WHAT TO DO
Copy each line of the data below with the word "loading".

PROVIDED DATA
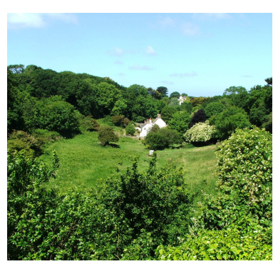
View from Rue de Quanteraine
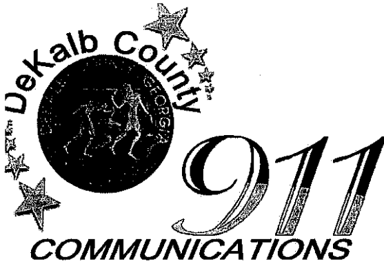
(Gold n White) managers
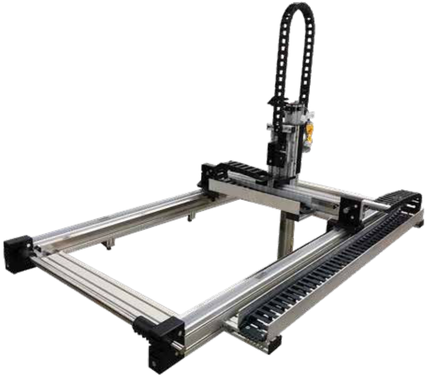
Figure 3: Gantry Solutions using AC Servos can be used for uncasing, loading or unloading.

Uncasing, loading, and unloading are applications that can be handled with a 6-axis robot or a servo controlled gantry mechanism
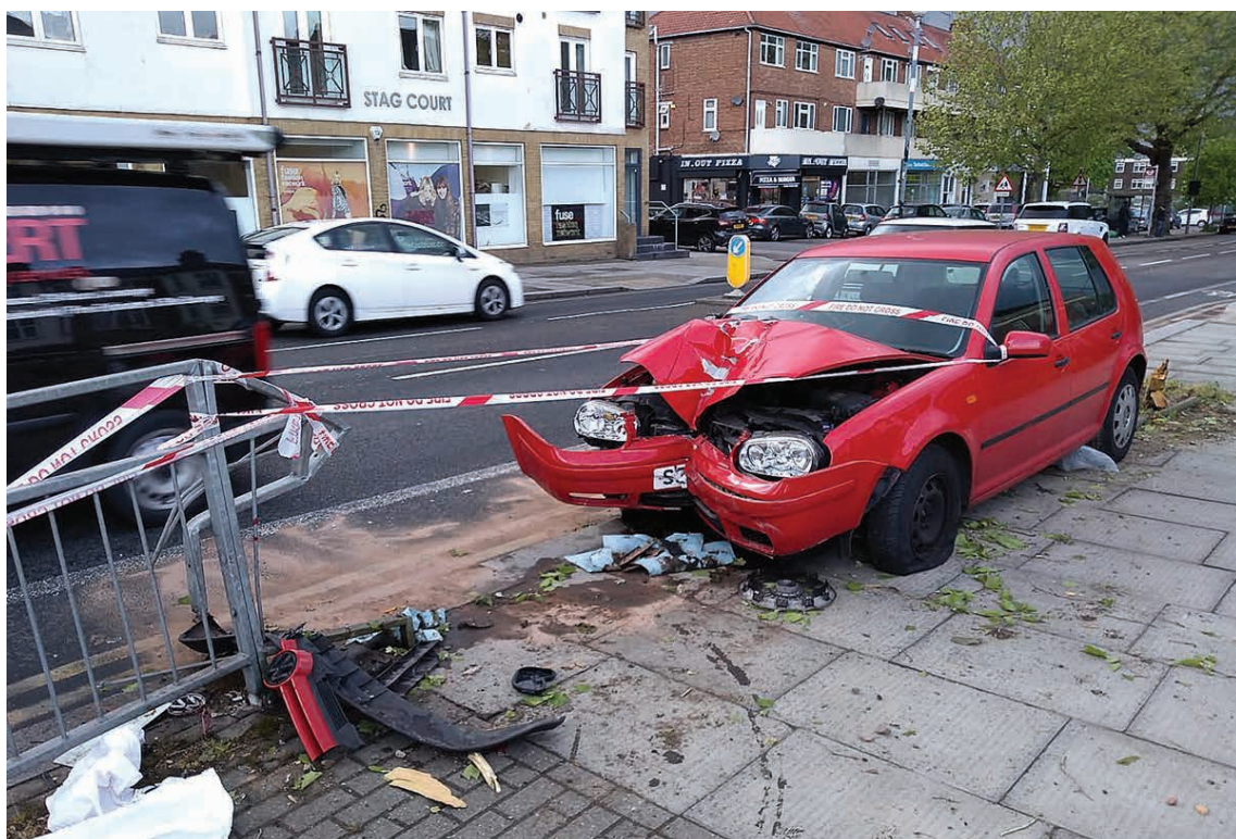
Hard impact: The badly damaged car at rest on the pavement in the High Road after ploughing through a young tree and into a guard rail.

SOLUTION TO THIS TASK
Figure 3: Gantry Solutions using AC Servos can be used for uncasing, loading or unloading.
Uncasing, loading, and unloading are applications that can be handled with a 6-axis robot or a servo controlled gantry mechanism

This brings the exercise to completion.